I think there's a third bit too, and that is there are certain things that markets will always very imperfectly and ineffectively provide, in what people would describe as the basic public goods of decent education and decent health care. And whether you deliver them by one agency or another, private or public, is beside the point. The central point is that governments, through their taxation collection, say that these enduring public goods must be delivered, because for education it's not only just intrinsically right, but it's the best turbocharger of long-term productivity growth.

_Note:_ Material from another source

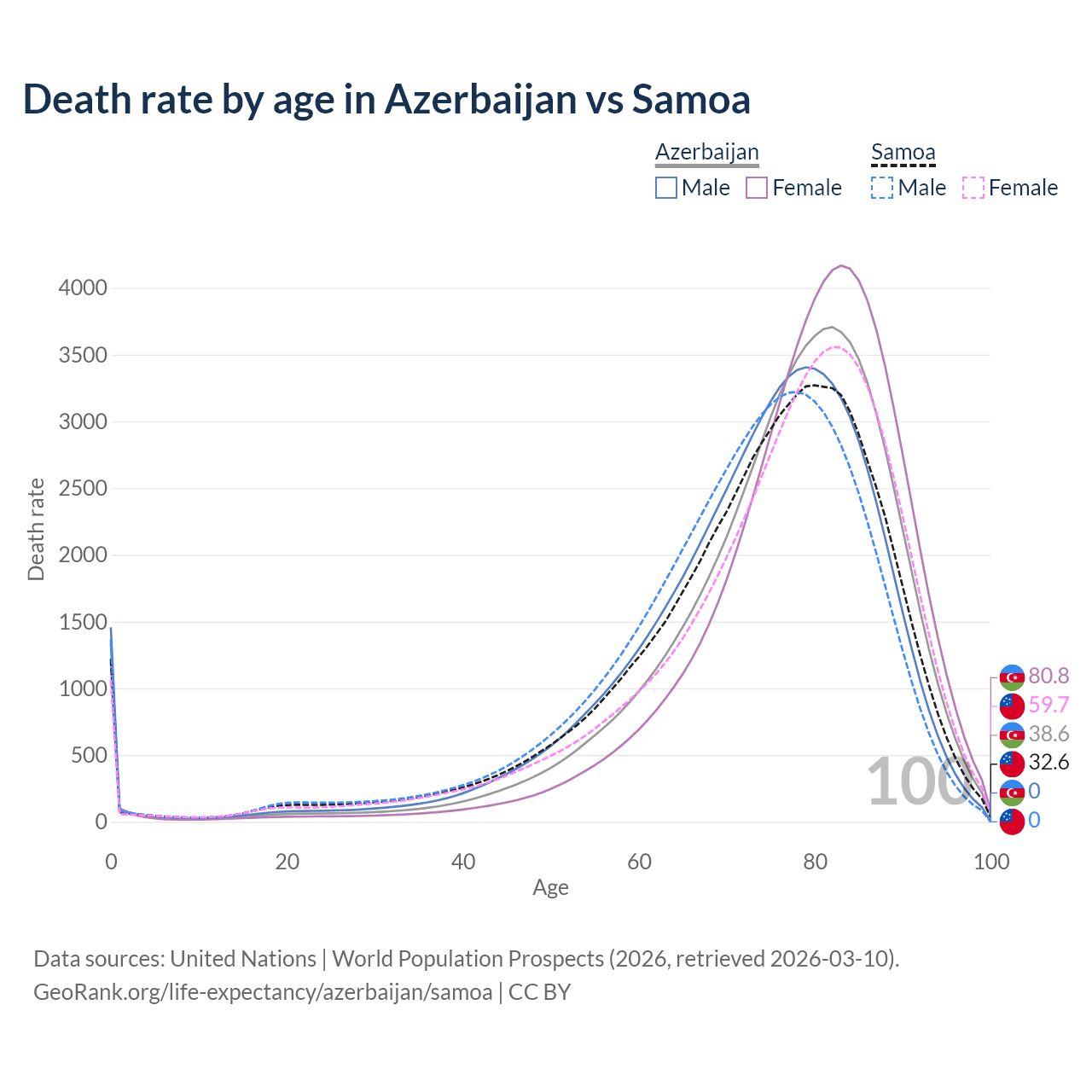 This life expectancy calculator shows the odds of living to 100, 95, 90, and below based on current age for both males and females in Azerbaijan and Samoa, along with mean and median age of death. The calculations are based on the 2026 life tables (actuarial tables) from the UN World Population Prospects.
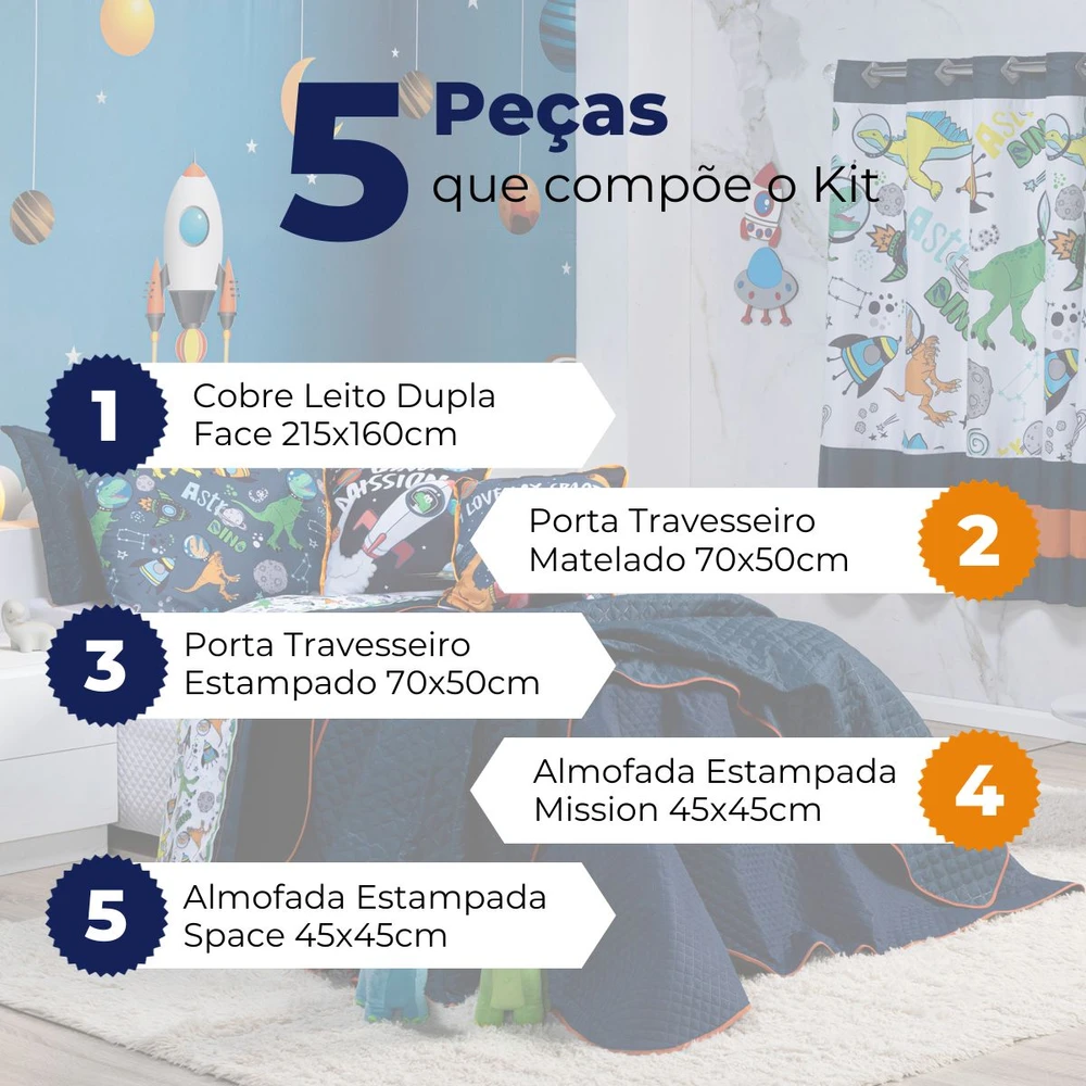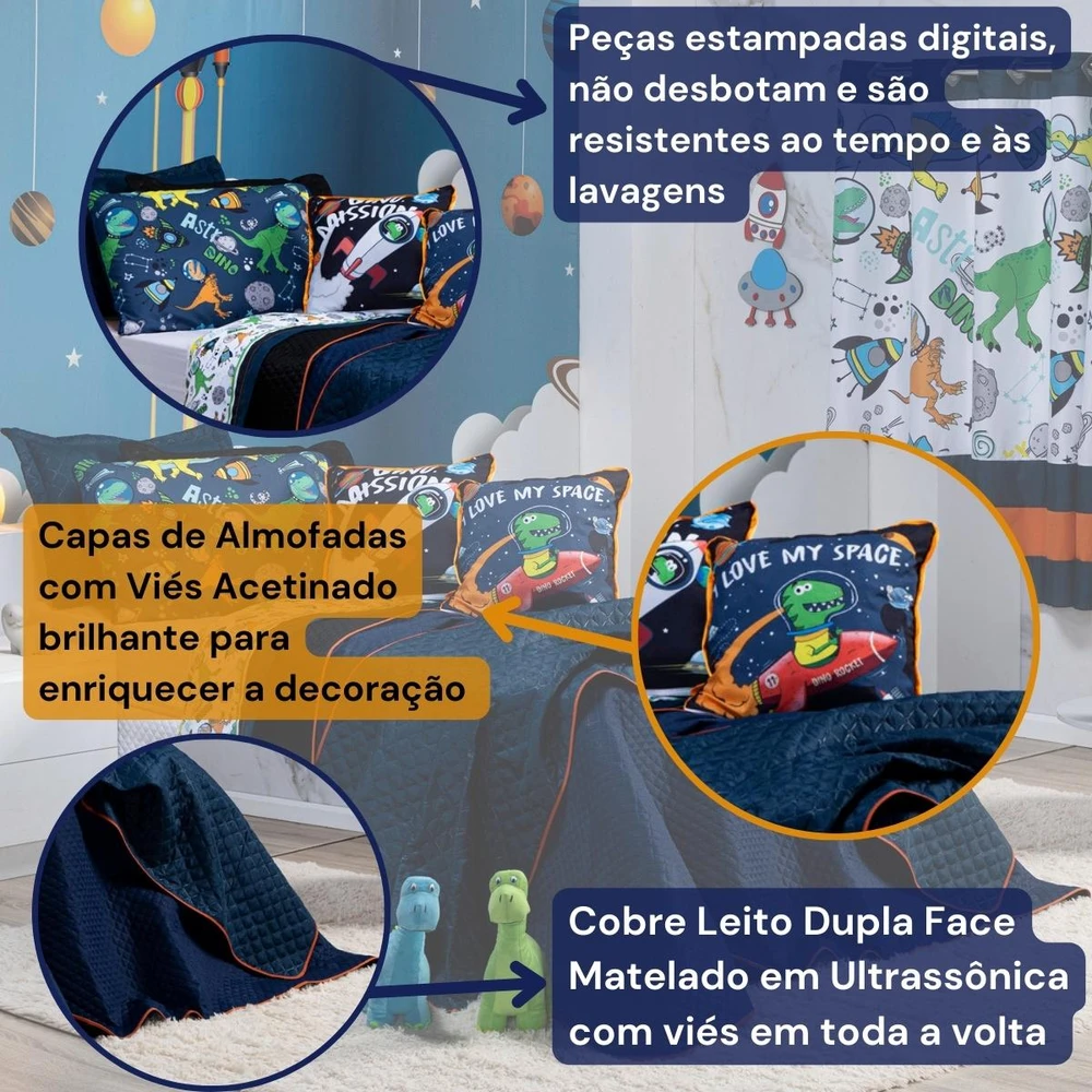 A Nova Coleção Astrodino em Microfibra tem um toque suave e macio, o tecido caracteriza-se por ser muito leve, confortável, sedoso, com secagem rápida e ótimo caimento. Vem trazendo estilo para a decoração de seu quarto na nova tendência Dupla Face, podendo utilizar as 2 cores do cobre leito! Ficará de ótimo bom gosto e elegância, acompanhando porta-travesseiro e duas almofadinhas estampadas super modernas e temáticas de Dinossauros! Tudo para combinar com a decoração, perfeito para dar aquele upgrade no ambiente ou para presentear quem você ama! Confira!

And if you don't have decent health care, if you have problems about underlying social-welfare systems and public-health systems, it impedes consumption. If you have underpinning your social structure and economic structure a decent universal health-care system, it also helps give people confidence to spend in the economy.
MR. THOMSON: Obviously China's going to be an important player at the G-20 summit. The world is waiting for the Chinese consumer to buy and lead it out of trouble. The governor of the People's Bank of China has suggested that the world is too dependent on the dollar as a reserve currency, and that collectively one of the issues to be discussed at the G-20 should be plans for the creation of a global reserve currency. Does that make sense to you?
MR. RUDD: First, with due deference to the governor, it's not on my agenda papers. And if there's a late Chinese addition, I'll review it with respect and interest. The second is, the dollar's position on that score remains unchallenged.
The key thing, as far as the role of China is concerned, is, one, on the stimulus front, you're right, everyone around the world is waiting for China to come alive vis-a-vis domestic demand and, two, what role will China have in the future?
On the stimulus front, medium term, by which I mean starting the second half of the year, I detect some modest signs of optimism about China. It's not just what you've seen publicly declared in the level of formally agreed upon fiscal stimulus to the Chinese economy. There's a whole lot of administrative measures under way within China at the moment through their banking system and credit arrangements more broadly, which may give the rest of the world a bit of a surprise on the upside in the second half of the year. Too early to tell, but there are a few green shoots out there.
Underpinning that is China's parallel measures to build a more effective social-security system, because consumers will spend more in China if they've got confidence that they'll be looked after if they lose their jobs. And my recent discussions with Chinese leaders indicate that work is very much under way.
The second big one is the future of the [International Monetary Fund]. One of the big looming challenges for us all is how do we deal with the emerging problem of asset impairment coming out of defaults in developing-country markets -- and looking particularly at the one which is now emerging for us all to take very seriously, which is Central and Eastern Europe.
If you look at the quantum of resources available to the IMF to deal with large-scale interventions around the world in more than one or two environments at one time, the IMF needs more; it simply needs more. It also needs more flexible instruments to deploy early rather than in a reactive fashion.
So the question is, where do you get that more from? And part of the answer must lie in China. But China's voting rights currently within the IMF are about the equivalent of Belgium and the Netherlands combined. And it's supposed to be a system whereby your voting rights are equivalent to your relative size of global GDP. That has to change.
And if we want China to play a bigger role on that question -- that is, helping us as a global community intervene effectively so that you don't see terrible consequences in regions like Central and Eastern Europe -- then we've also got to embrace the debate about China having a greater seat at the table on institutions like the IMF.